Healthy Snacks – Mixed Nuts
It’s hard to find healthy snacks that are nutritional these days; even those claiming to be healthy are secretly packed full of sugar and salt. Then we think, I’ll make it myself but the online recipes require too much and aren’t even a snack. Here is the fourth of our healthy snacks series from Neil Bowman Training’s Healthy Snacks – Mixed Nuts.
Mixed Nuts
A cup of mixed nuts is a great afternoon pick-me-up for when the afternoon slump occurs. Nuts are choke-full of beneficial nutrients and antioxidants, and are known to help combat ‘bad’ LDL cholesterol. Nowadays, nuts are now widely available in many shops and at a reasonable price. Most importantly, you should try to purchase nuts with no added salt or other flavourings and pick options that are raw or dry roasted (dry roasted are roasted without the addition of oil).
Almonds
Antioxidants such as vitamin E can be found in almonds, and contain high amounts of magnesium which have been linked with helping lower blood pressure level.
Brazil Nuts
They are extremely rich in Selenium which is essential your immune system and cell growth. Brazil nuts should be restricted to 1 or 2 nuts per day as too many can be bad for you. However, this is more likely to happen from taking supplements rather than eating selenium-containing foods.
Cashews
Cashews are a good source of magnesium, which plays an important role in over 300 reactions within the body. In addition, magnesium deficiency which is prevalent in older populations has been linked to a number of health risks.
Macadamia Nuts
Macadamia nuts are rich in vitamins, minerals, fibre, antioxidants, and healthy fats. Most importantly, their potential benefits include weight loss, improved gut health, and protection against diabetes, metabolic syndrome, and heart disease.
Peanuts
They are an excellent plant-based source of protein and high in various vitamins, minerals, and plant compounds. They can be useful as a part of a weight loss diet and may reduce your risk of both heart disease and gallstones. However, being high in fat, this legume is a high-calorie food and should not be eaten in excess.
Pistachio
They are a great source of healthy fats, fibre, protein, antioxidants, and various nutrients. Above all, their health effects may include weight loss benefits, lower cholesterol and blood sugar, and improved gut, eye, and blood vessel health.
Walnut
They are rich in healthy fats and high in antioxidants. What’s more, regularly eating walnuts may improve brain health and reduce your risk of heart disease and cancer. These nuts are easily incorporated into your diet, as they can be eaten on their own or added to many different foods.
Pecans
They are a type of tree nut that’s rich in several key nutrients. In addition, they’ve been associated with many potential health benefits, including improved blood sugar control, heart health, and brain function. However, they must be enjoyed in moderation as they are relatively high in calories.
Pine Nuts
They consist of protein, fibre, healthy fats, and other nutrients. In addition, they have been associated with many positive health outcomes, such as improved heart health, blood sugar control, and weight management
Hazelnuts
They are packed with nutrients, including vitamins, minerals, antioxidants and healthy fats. They may also have health benefits, like helping decrease blood fat levels, regulating blood pressure, and improving blood sugar levels, among others.

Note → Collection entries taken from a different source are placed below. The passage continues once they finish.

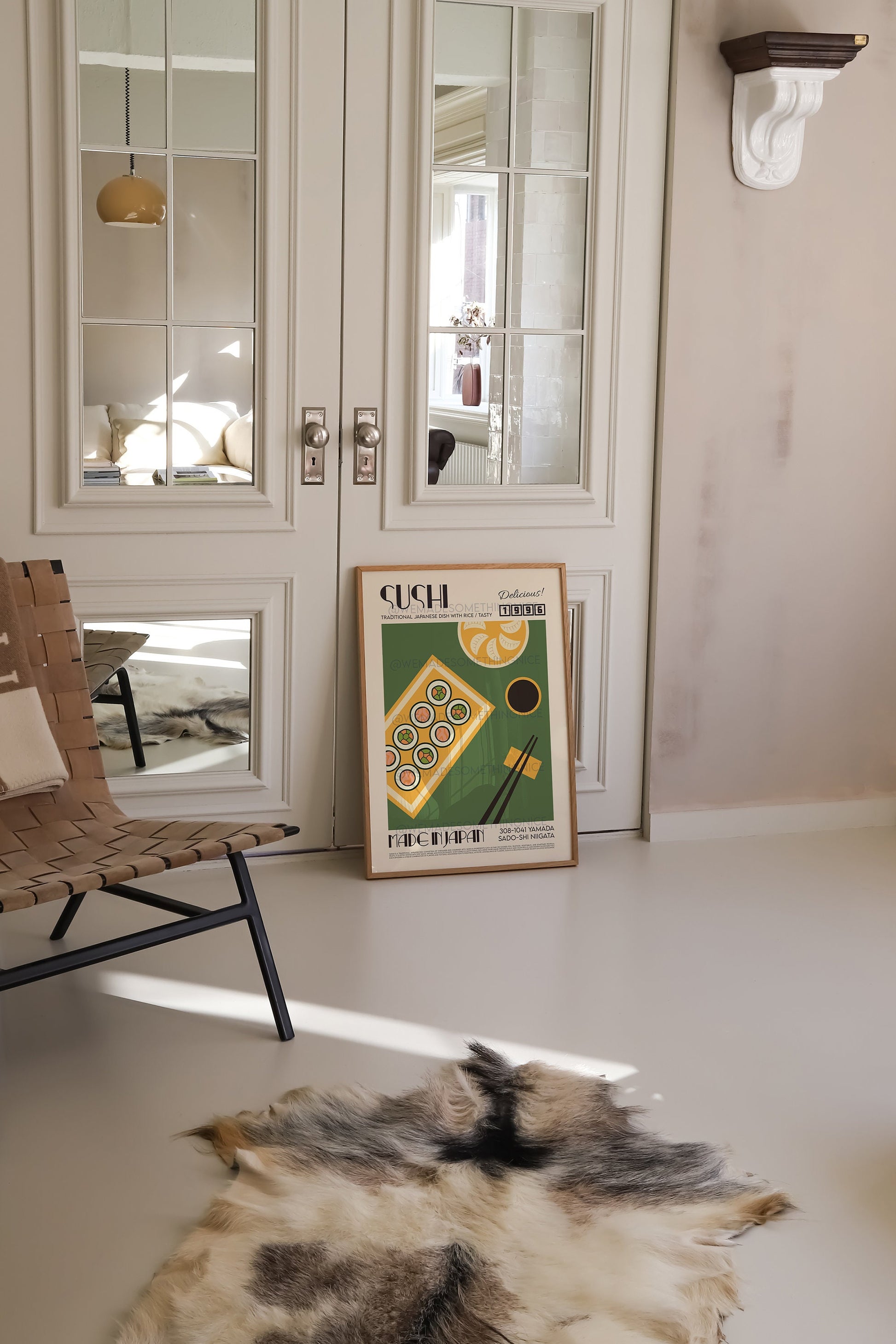 Sushi Poster, Kitchen Art, Kitchen Poster, Kitchen Print, Food Print, Illustration, Japanese Art, Exhibition Poster, Retro Wall Art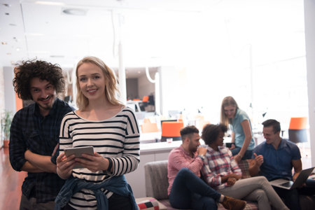 Young people in co-working creative space - Youth millennial generation and business technology concept
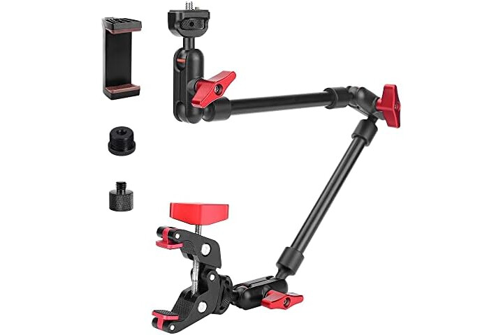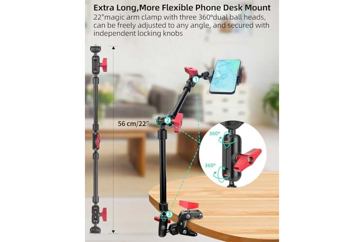 Multiple Shooting Angles & Individually Adjustable:(1)The angle or position of double ball head magic arm phone mount can be freely adjusted to meet your shooting needs (2)Each joint of phone desk mount consists of a 2-point ball head & 1-point T-type knob to increase the flexibility of the installed equipment's fixture position and angle (3) Each joint has a T-type knob to control each joint separately. ❗NOTE: The Red Knobs on the super clamp and magic arm are not detachable. Forcible removal may cause th...

Certainly adding fats in the form of oils is fattening and unhealthy, but naturally fat-rich foods like nuts and seeds have profound cardiovascular benefits.
Joel Fuhrman — American Scientist born on December 02, 1953
In conclusion, whether you eat nuts as a snack or add them to Greek yoghurt, nuts a great addition to your diet and can be a great source of protein, vitamins and minerals without too much effort or fuss.